### Task directions
Only an exact repetition of the lines from the one holding "- トップページ以外の出力。" to the end of the data is wanted, with pictures left out.

....................

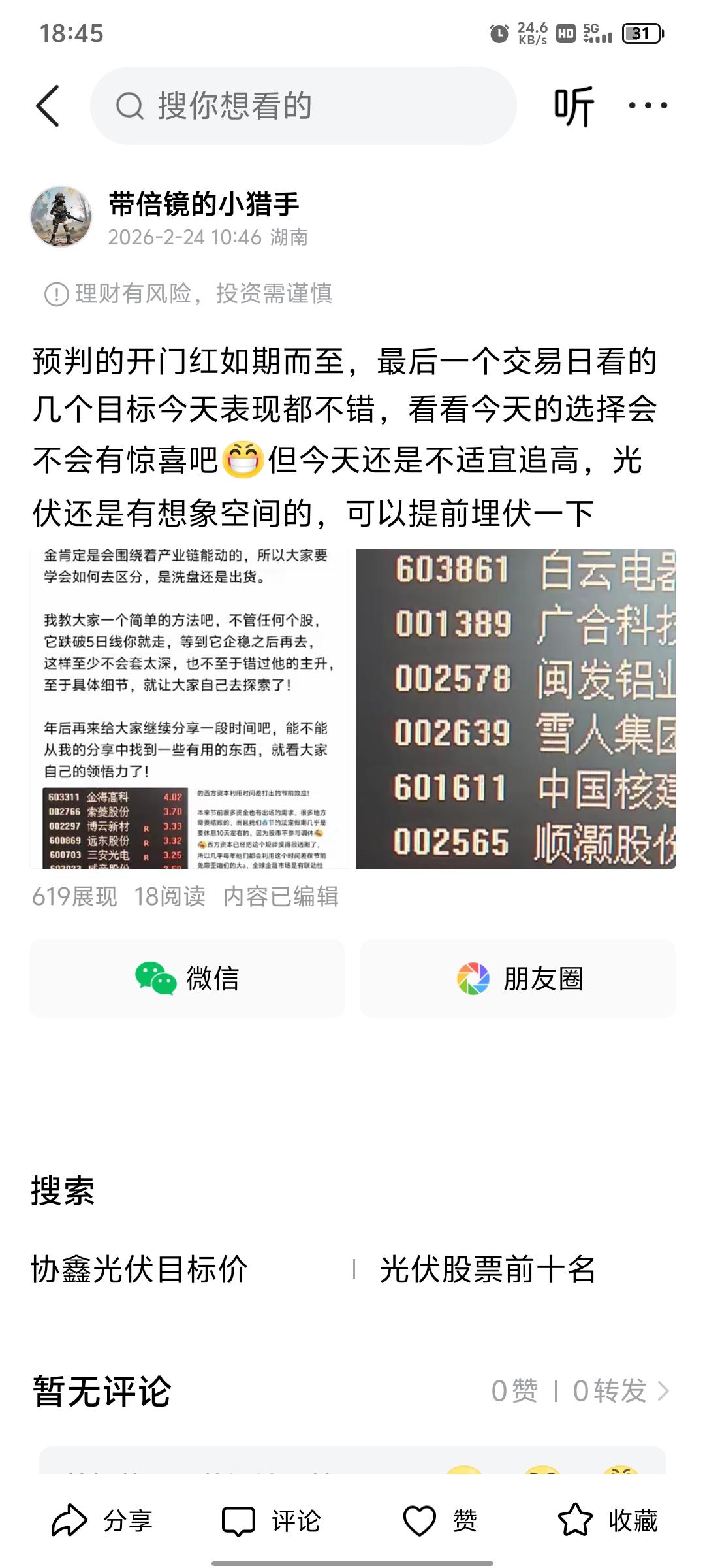 年前说了给大家送点开门红,所以这几天陆续分享了一些个人的看法,理论上应该没让大家失望[害羞]分享不是为了让大家去抄答案,而是为了让大家从我看的目标中能够更快速直观的分析出一些技巧和逻辑,从而获得在股市长久生存的根本! 但如果继续分享,又会让大家形成依赖性,所以又到了要隐身的时候了,下一个重大节日我再来继续给大家帮点小忙[害羞] 没基础的朋友可以去看一下我那篇公众号上的散户文章,相信一定能给你带来一些提示!
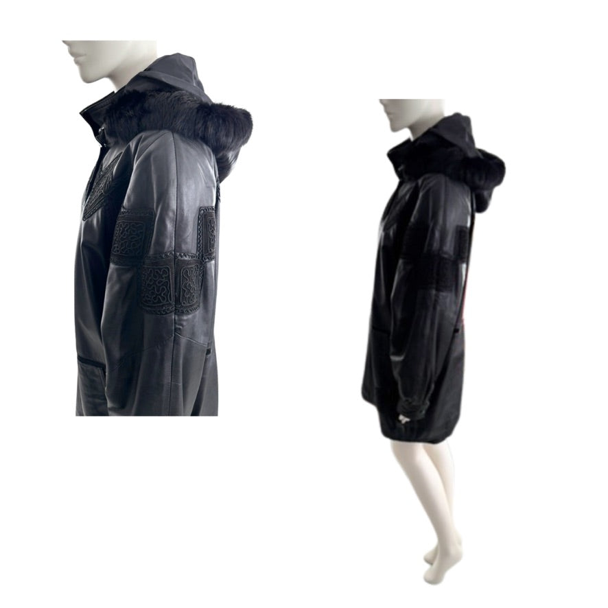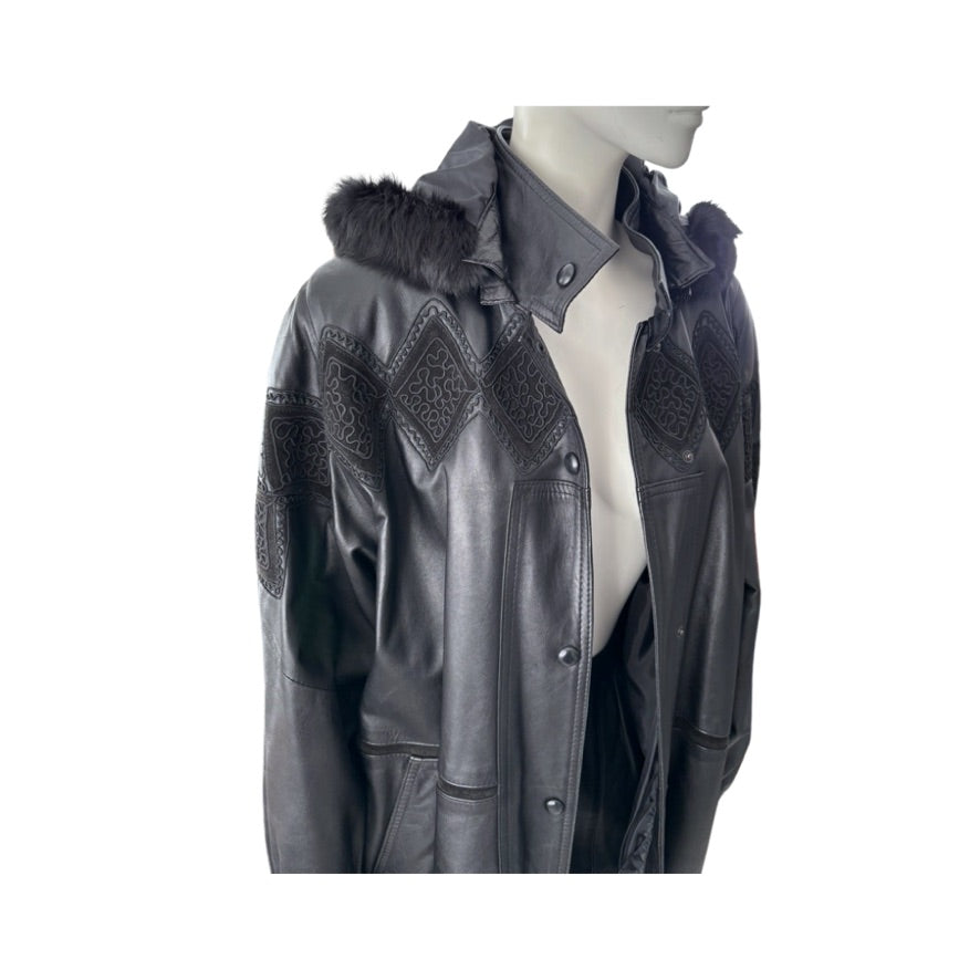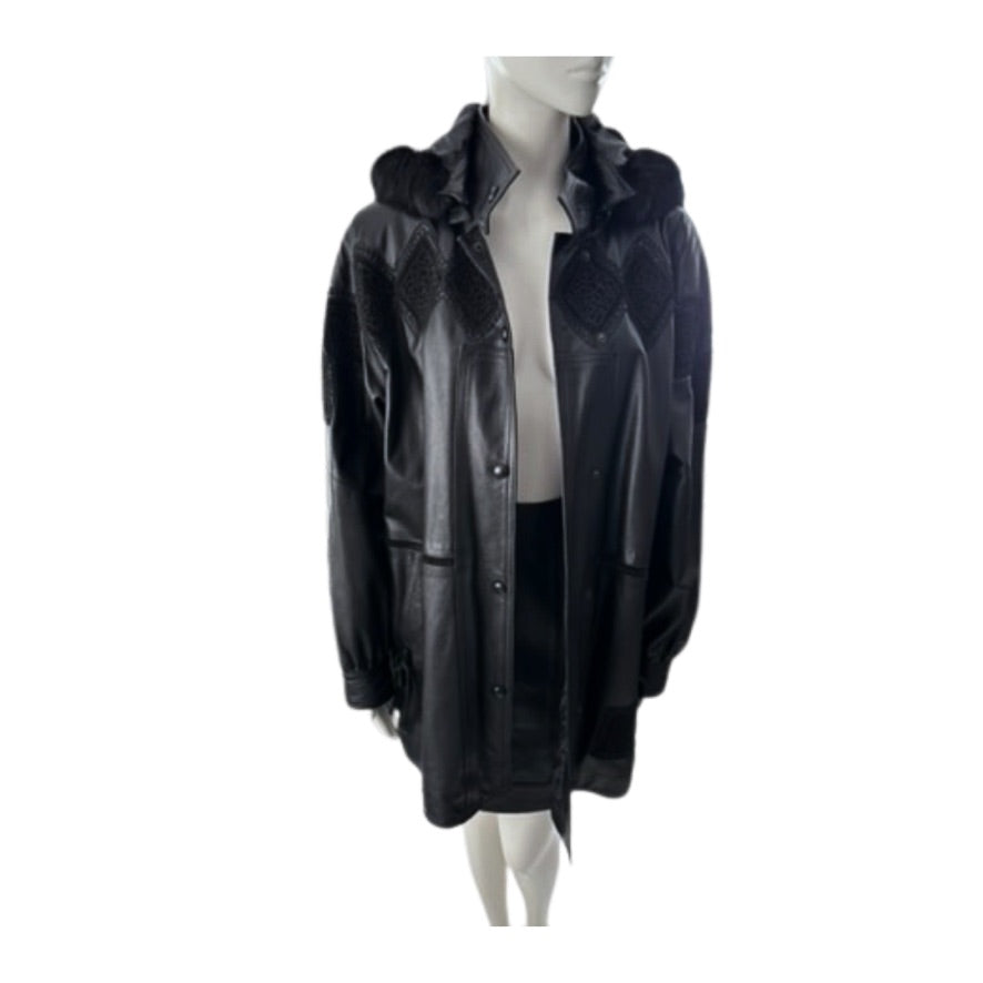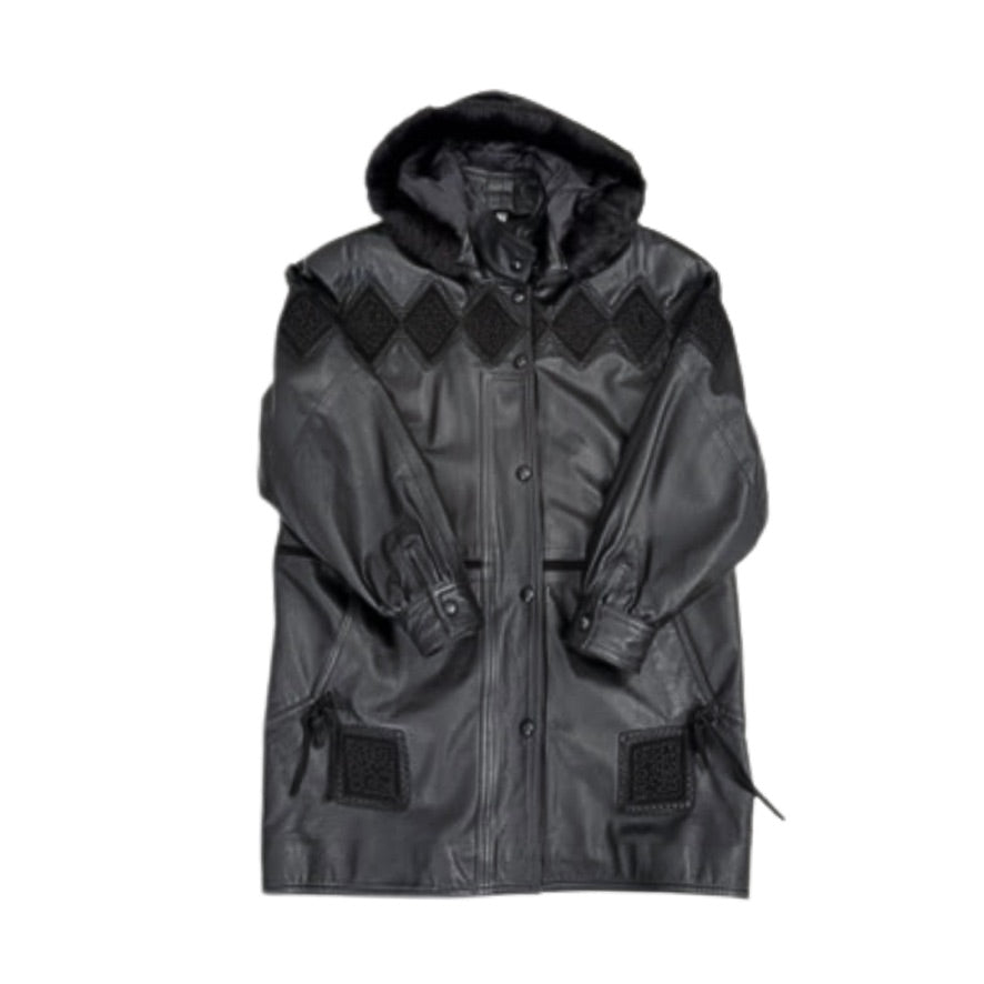 Diamond Appliqué Leather Hooded Parka Black Size 16 - Vintage
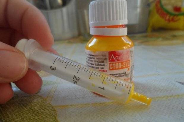 - ‘Стоп зуд: суспензия’. В виде суспензии препарат реализуется во флаконах объёмом по 10 и 15 мл. Ёмкость с содержимым помещается в картонный короб, в комплект входит инструкция по применению и шприц-дозатор. В состав суспензии входят следующие активные и вспомогательные вещества: левомицетин – 5 мг, триамциналон – 0,5 мг, гидрохлорид лидокаина, экстракт календулы и прочее.
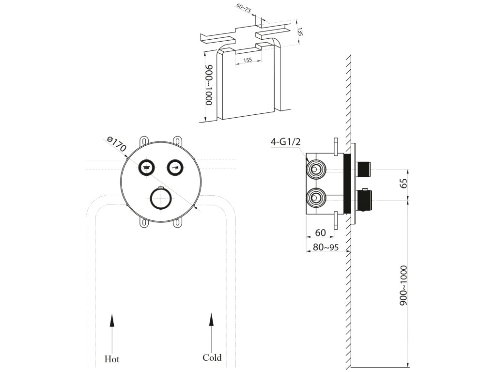 Sapho SMART SELECT podomietková termostatická sprchová batéria, box, 2 výstupy, chróm RP032
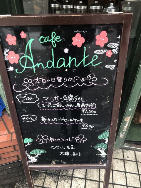 | 営業時間 | 平日15時〜22時。土日祝12時〜22時。不定期で営業時間が変わる場合がございます。詳しくは下記スケジュール表をご確認下さいhttp://andante.jp/ftschedule221/schedule.cgi | ||||||||||||||
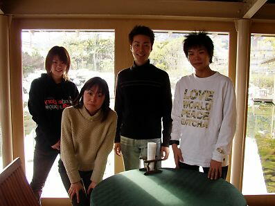 ホームページで見た豪華な部屋は期待しちゃいけない、と思いつつも、期待してしまう、この心。・・・そして通された部屋は、「ま、こんなもんだよね」という感じではあるが、まぁ悪くはない。前回の箱根の時に比べればかなりいい。ベランダからは、川を眺めることが出来る。ふと、前に建っているホテルを見上げると、おやおや????・・・じいさんが服を脱ぎだしている。なんじゃ、これ?・・・脱衣所だった。窓際で着替えをしていると、もうこちらから丸見えである。 一度座ってしまうと、なかなか動けなくなる一同。のんびりダラダラしていたのだが、どうも部屋が寒い。備え付けの暖房は、エアコンというよりは「空気清浄機」かと思わせるような代物で、小型のヒーターはあまり暖かくない。寒いぞ。普通、旅館の部屋ってぬくぬくと暖かいはずではないか?!こりゃ風邪引いちまうぞ、てなわけで、もうひとつ小型ヒーターを持ってきてもらう。 これで暖かくなるだろう。よかったよかった。・・・と思っていた矢先、いきなり停電。一瞬の沈黙。一体、何が起きたんだ!?・・・なんだなんだ、もう〜・・・何事だ?!停電か?・・・それとも・・・お化けの仕業?!・・・早速フロントへ電話。部屋の中でブレーカーを探すも見つからない。廊下は電気がついている。部屋の中は、真っ暗、かつ寒い。なかなか来ない従業員。待っている間の暇つぶしに、懐中電灯を顔に当てて写真を撮りまくって「コワイ写真」に大盛り上がり(?)。やっと誰かが来てくれたかと思いきや、「ちょっと待って下さいね」と言い、どこかへと消える。また待たされる。部屋の中は、暗くて寒い。そしてやっと戻ってきたかと思いきや、今度は若いお兄さん。「ああ、ちょっと待って下さい」と言い、またも消える。「もう、電気つかないんだったら、別の“イイ”部屋に変えてよ〜」と誰かが漏らすホンネ。期待しちゃう一同。しかし神様は味方してくれることはなかった。すぐに電気がついて、お兄さんが舞い戻ってきた。やはり、暖房機器3つつけているのが問題だったらしいが、小型ヒーターを別のベランダ側のコンセントに差し込んで問題解決。部屋を移動することはなかった。そして、部屋に掛かっている絵の裏を見てみたが、何もなかった・・・。 気を取り直し、温泉へ。屋上の露天風呂は、木風呂に岩風呂にいろいろとある。外はかなり寒いが、お湯は温かく、なかなかだ。 体がしっかり暖まり、部屋に戻ってすぐに夕食へ。しっかし、廊下が寒い。一体なんじゃ、ここは。廊下が寒い旅館なんぞ初めて来たぞ!電気代の節約か? |
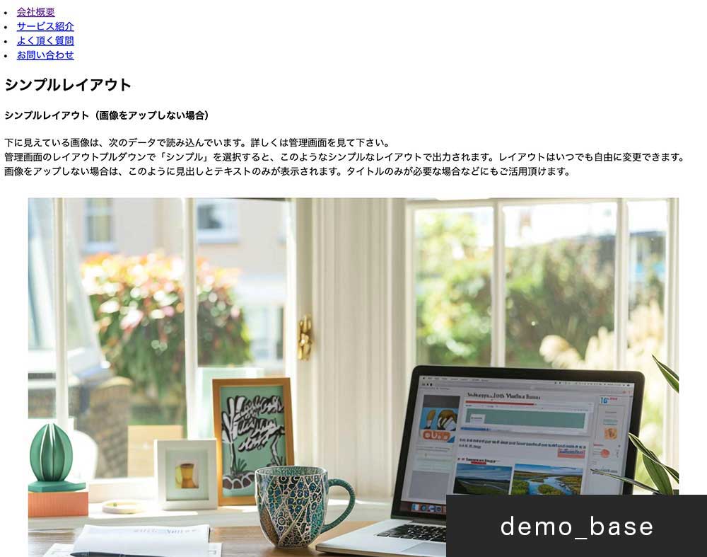 - トップページ以外の出力。1つのレイアウトのみ使用すれば一覧ページのようになります。
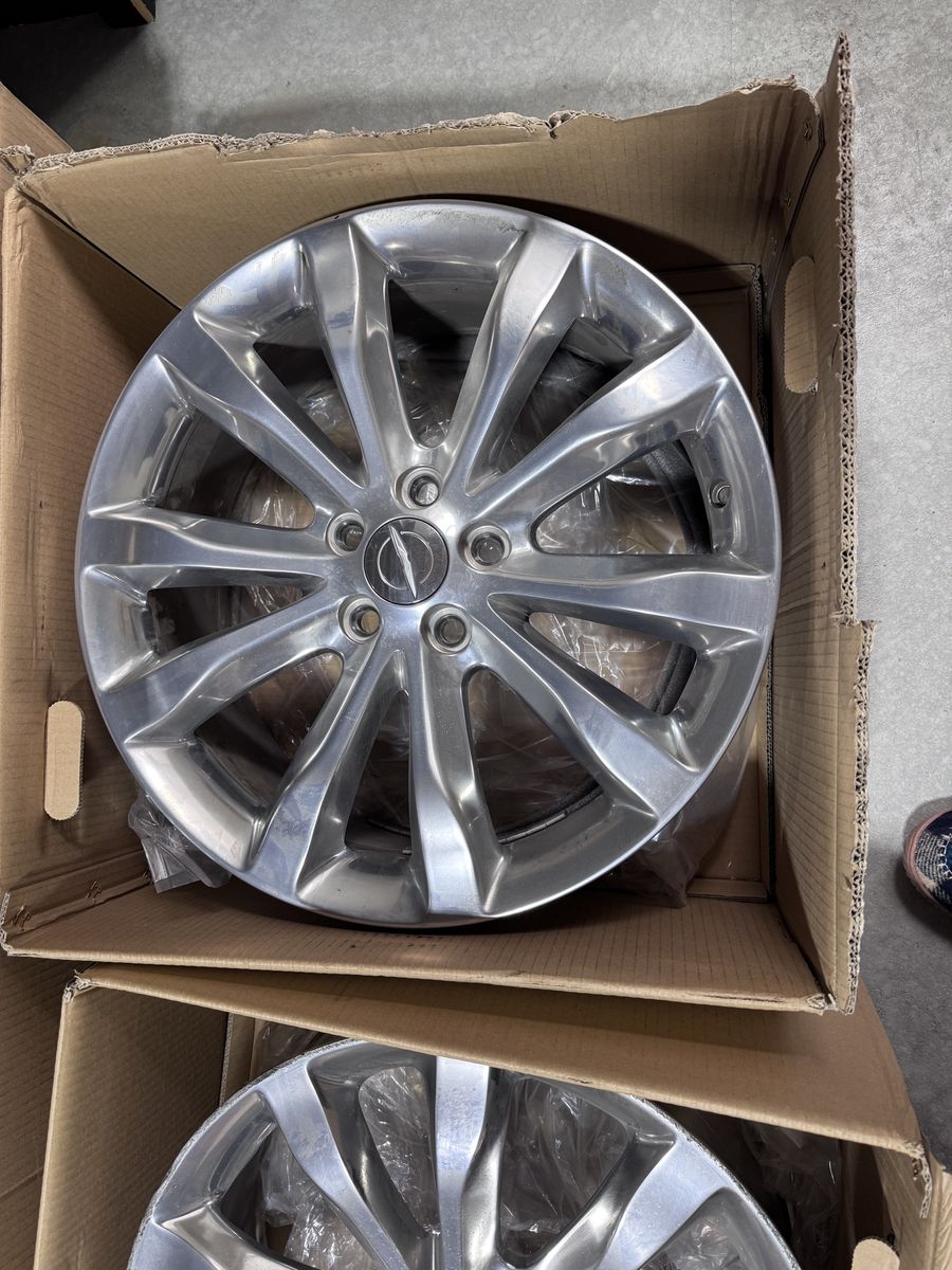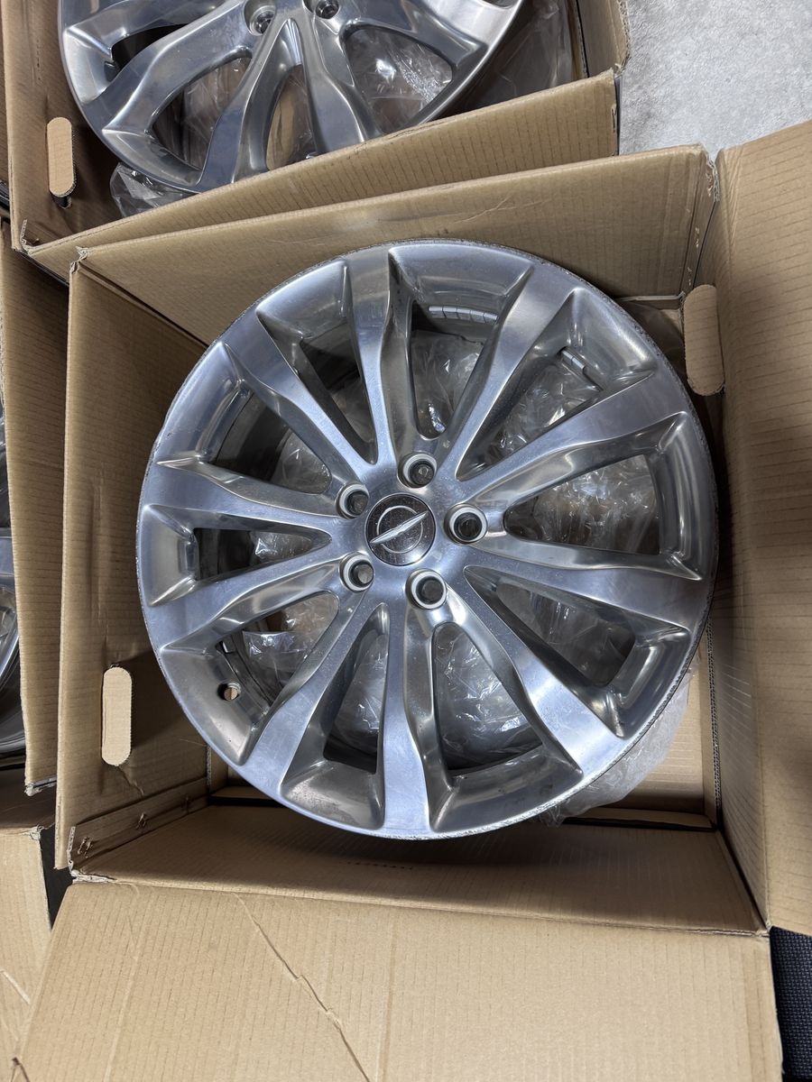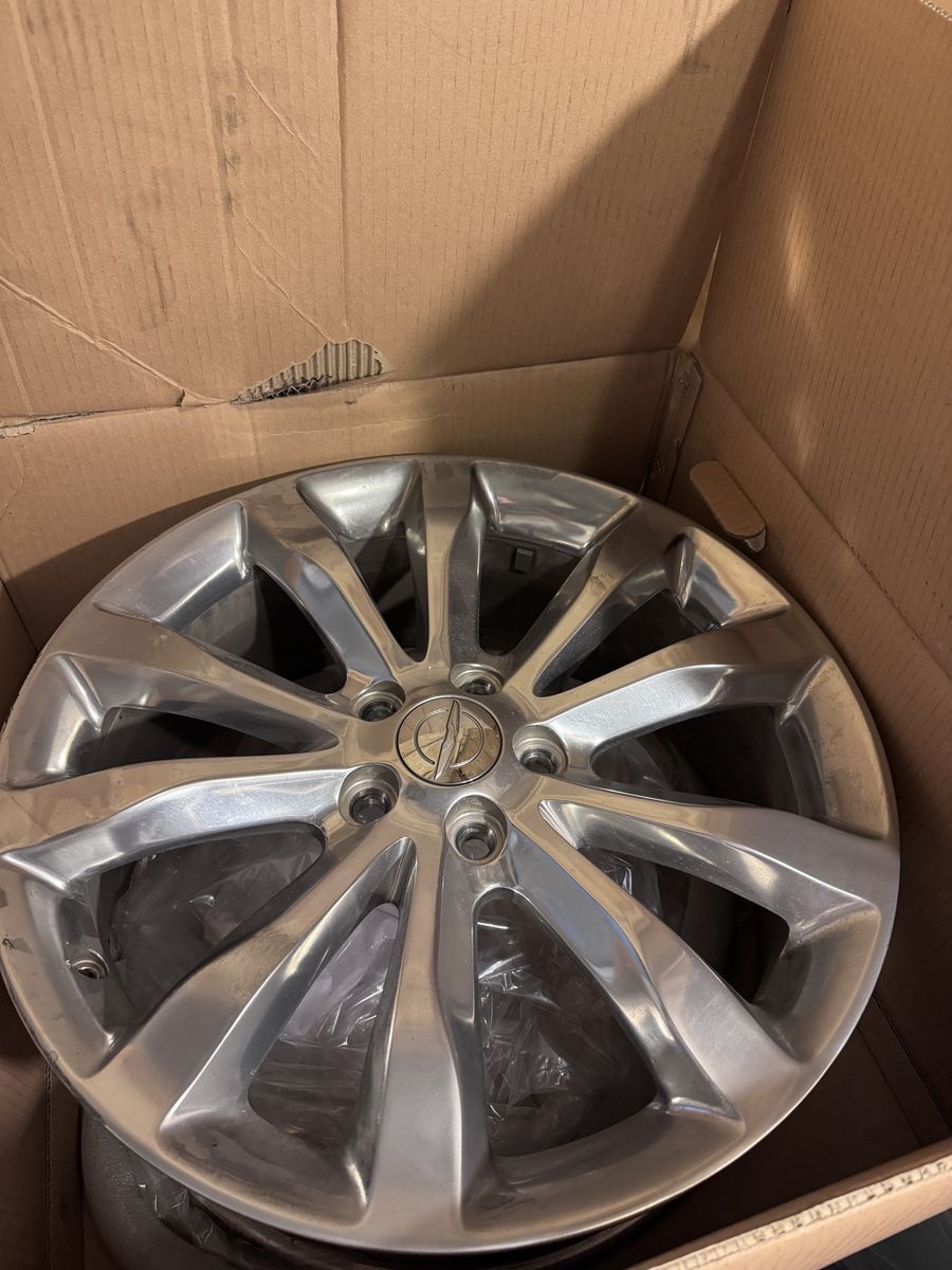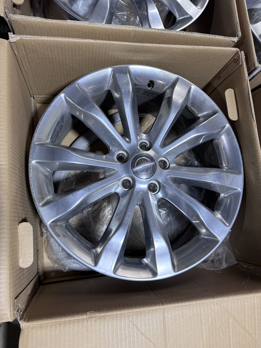 They are 4 polished 20 inch, 5 V-SPOKE, OEM Rims with the center Chrysler caps. They do not include bolts or sensors. These are an aluminum wheel, PVD bright chrome polish finish.

....................

### Answer area
 - トップページ以外の出力。1つのレイアウトのみ使用すれば一覧ページのようになります。
 They are 4 polished 20 inch, 5 V-SPOKE, OEM Rims with the center Chrysler caps. They do not include bolts or sensors. These are an aluminum wheel, PVD bright chrome polish finish.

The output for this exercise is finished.